====== Information provided
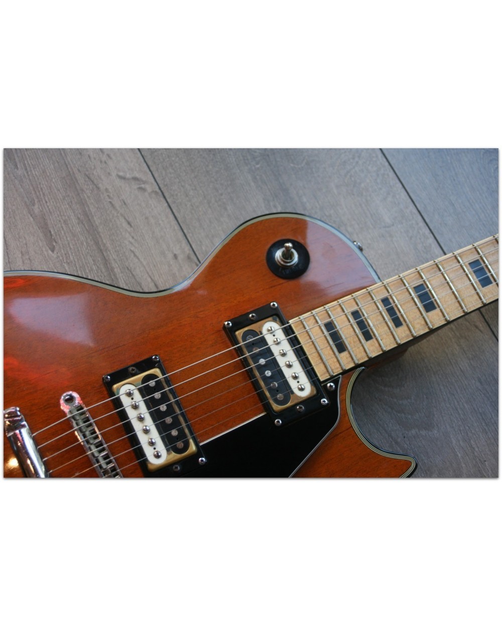 70´s Ibanez Les Paul copy, still with the "law-suit" - Gibson headstock. The guitar comes from first owner and is in excellent condition. The first set of frets barely show any wear. Arched mahagony body with mahagony neck and maple fretboard, chrome hardware and the famous "Super 70" humbucking pickups. The Ibanez had once Schaller tuners, now the original mechs are back on. Nice sound and collectable.
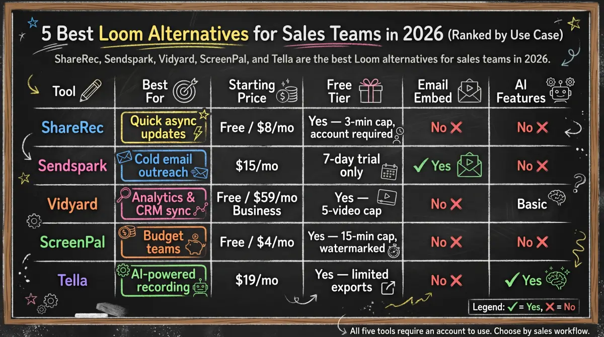 ShareRec ($8/mo), Sendspark ($15/mo), Vidyard ($59/mo Business), ScreenPal (free–$4/mo), and Tella ($19/mo) are the five best Loom alternatives for sales teams in 2026 — each built for a distinct sales workflow.
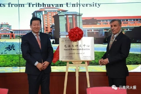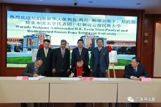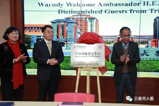 ????隨后,利拉?瑪尼?鮑德爾、陳魯雁為尼泊爾研究中心揭牌,那金華、迪力拉姆?烏普利迪為尼泊爾語(yǔ)學(xué)習(xí)中心揭牌。云南民族大學(xué)先后與尼泊爾特里布文大學(xué)簽署校際間合作備忘錄,與尼泊爾特里布文大學(xué)、昆明ITL公司簽署三方合作備忘錄。據(jù)介紹,今年6月,鮑德爾曾到訪云南民族大學(xué),雙方在師資培養(yǎng)、教學(xué)教材建設(shè)、學(xué)生留學(xué)、共建尼泊爾研究中心、加強(qiáng)人文交流和智庫(kù)研究以及國(guó)際減貧等方面的合作達(dá)成高度共識(shí),同時(shí)為與特里布文大學(xué)的交流與合作架起了橋梁。
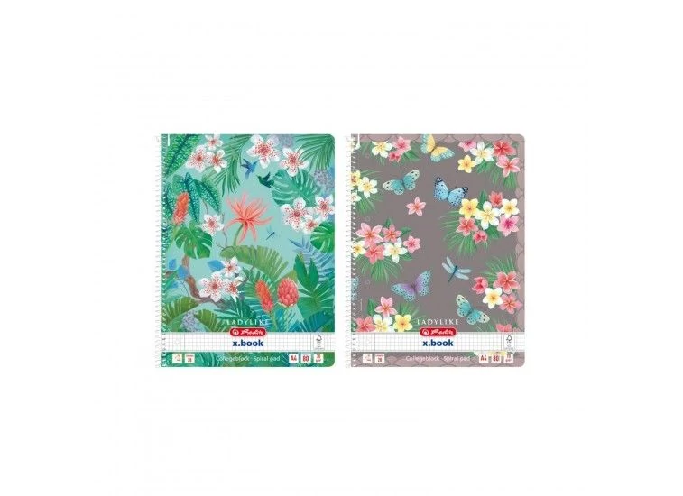 A4-es méretű 80 lapos Ladylike spirálfüzet, kockás kivitelben, 70g/m2-es famentes belívvel, margóval, lyukasztott, perforált lapokkal, 2 minta vegyesen. Minta a készlet erejéig választható.
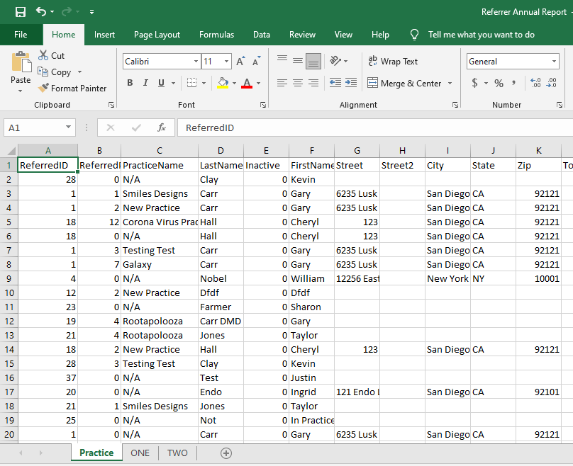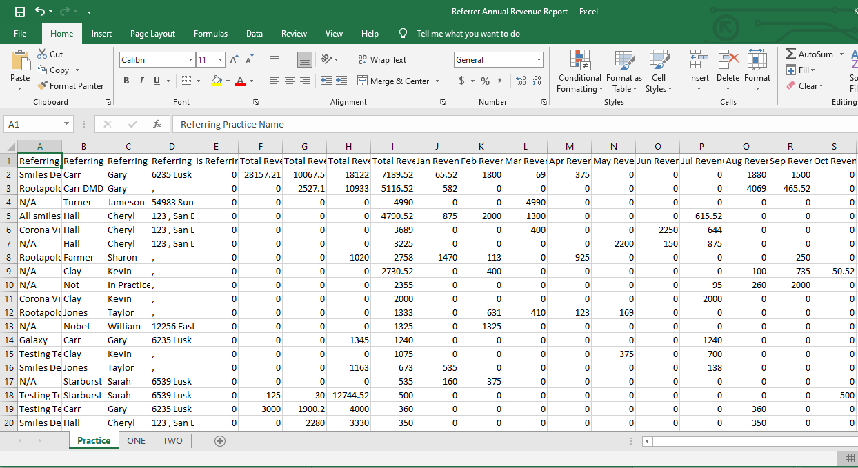 The referral ranking report is the perfect place to see how many patients were seen for Consult and Treatment on a yearly basis.
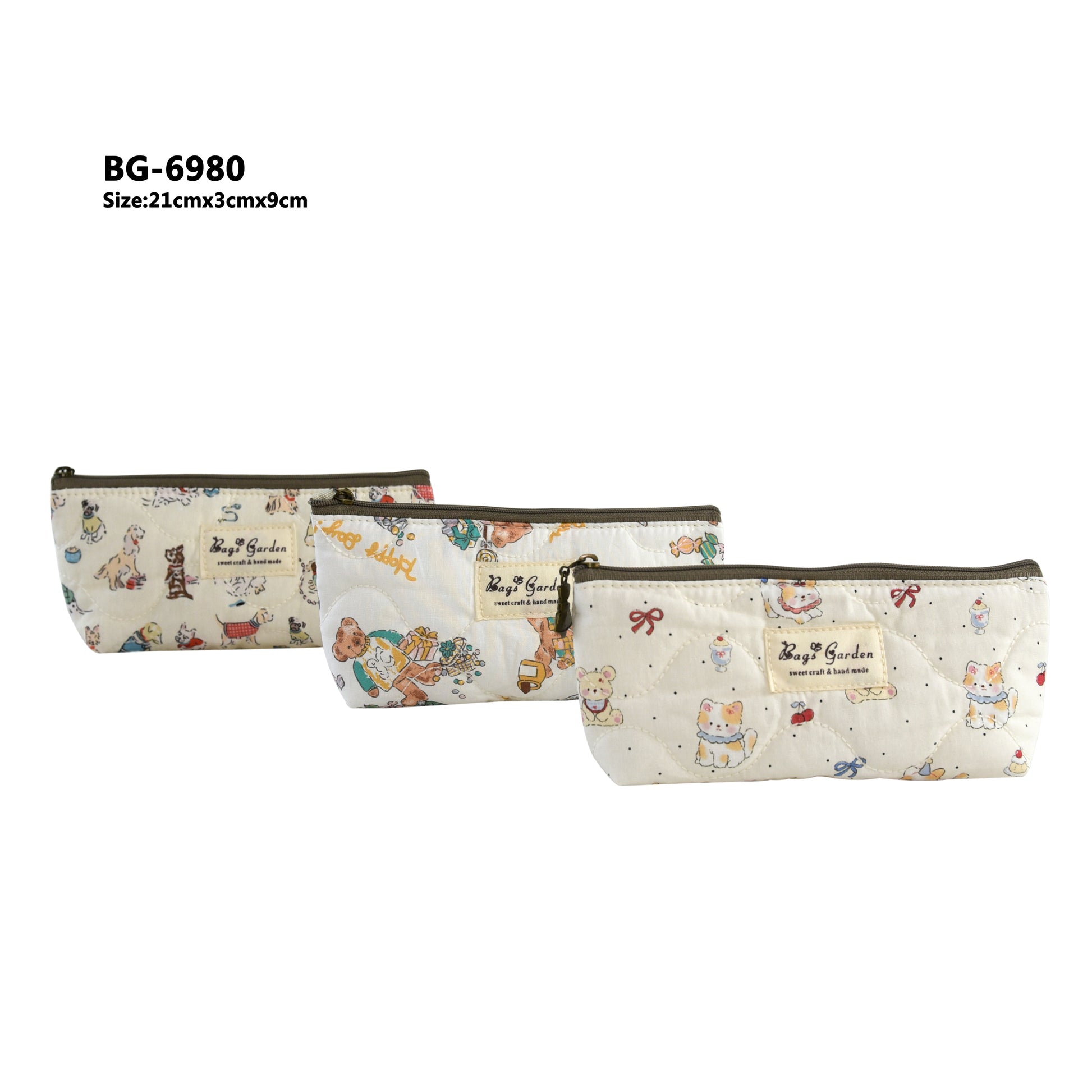 Este estuche acolchado de la colección Cartoon Friends está confeccionado en algodón suave con adorables estampados de animalitos. Su diseño ligero y práctico es ideal para llevar bolígrafos, maquillaje, cables, llaves o pequeños esenciales del día a día.
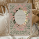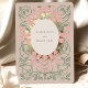 Invite your guests to witness the blossoming of your love with this Art Nouveau-inspired wedding invitation. The design blooms with a symmetrical floral pattern featuring soft pink and blush flowers intertwined with olive green vines and leaves, symbolising the intertwining of two lives. A touch of understated elegance is achieved through the use of soft beige and muted gold tones, creating a gentle and inviting atmosphere. The circular frame at the centre is a nod to unity and eternity, core themes of marriage, making this invitation not just a mere card, but a prelude to the lifelong romance about to unfold. The matte background complements the metallic sheen of the gold accents, which catch the light and promise to bring a sparkle to your guests' eyes. This invitation is perfect for couples who cherish the beauty of nature, the elegance of vintage design, and the promise of a future as enduring as the Art Nouveau movement itself.
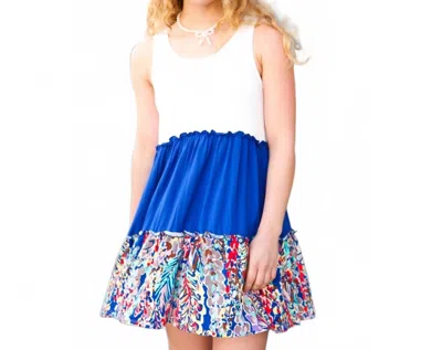 Color Block Sleeveless Mini Dress In Ivory/royal Blue/floral Print In Multi
============
▸ **To do**: Pictures aside, reproduce the listing above exactly.

▸ **Solution for this problem**:
 70´s Ibanez Les Paul copy, still with the "law-suit" - Gibson headstock. The guitar comes from first owner and is in excellent condition. The first set of frets barely show any wear. Arched mahagony body with mahagony neck and maple fretboard, chrome hardware and the famous "Super 70" humbucking pickups. The Ibanez had once Schaller tuners, now the original mechs are back on. Nice sound and collectable.
 ShareRec ($8/mo), Sendspark ($15/mo), Vidyard ($59/mo Business), ScreenPal (free–$4/mo), and Tella ($19/mo) are the five best Loom alternatives for sales teams in 2026 — each built for a distinct sales workflow.
 ????隨后,利拉?瑪尼?鮑德爾、陳魯雁為尼泊爾研究中心揭牌,那金華、迪力拉姆?烏普利迪為尼泊爾語(yǔ)學(xué)習(xí)中心揭牌。云南民族大學(xué)先后與尼泊爾特里布文大學(xué)簽署校際間合作備忘錄,與尼泊爾特里布文大學(xué)、昆明ITL公司簽署三方合作備忘錄。據(jù)介紹,今年6月,鮑德爾曾到訪云南民族大學(xué),雙方在師資培養(yǎng)、教學(xué)教材建設(shè)、學(xué)生留學(xué)、共建尼泊爾研究中心、加強(qiáng)人文交流和智庫(kù)研究以及國(guó)際減貧等方面的合作達(dá)成高度共識(shí),同時(shí)為與特里布文大學(xué)的交流與合作架起了橋梁。
 A4-es méretű 80 lapos Ladylike spirálfüzet, kockás kivitelben, 70g/m2-es famentes belívvel, margóval, lyukasztott, perforált lapokkal, 2 minta vegyesen. Minta a készlet erejéig választható.
 The referral ranking report is the perfect place to see how many patients were seen for Consult and Treatment on a yearly basis.
 Este estuche acolchado de la colección Cartoon Friends está confeccionado en algodón suave con adorables estampados de animalitos. Su diseño ligero y práctico es ideal para llevar bolígrafos, maquillaje, cables, llaves o pequeños esenciales del día a día.
 Invite your guests to witness the blossoming of your love with this Art Nouveau-inspired wedding invitation. The design blooms with a symmetrical floral pattern featuring soft pink and blush flowers intertwined with olive green vines and leaves, symbolising the intertwining of two lives. A touch of understated elegance is achieved through the use of soft beige and muted gold tones, creating a gentle and inviting atmosphere. The circular frame at the centre is a nod to unity and eternity, core themes of marriage, making this invitation not just a mere card, but a prelude to the lifelong romance about to unfold. The matte background complements the metallic sheen of the gold accents, which catch the light and promise to bring a sparkle to your guests' eyes. This invitation is perfect for couples who cherish the beauty of nature, the elegance of vintage design, and the promise of a future as enduring as the Art Nouveau movement itself.
 Color Block Sleeveless Mini Dress In Ivory/royal Blue/floral Print In Multi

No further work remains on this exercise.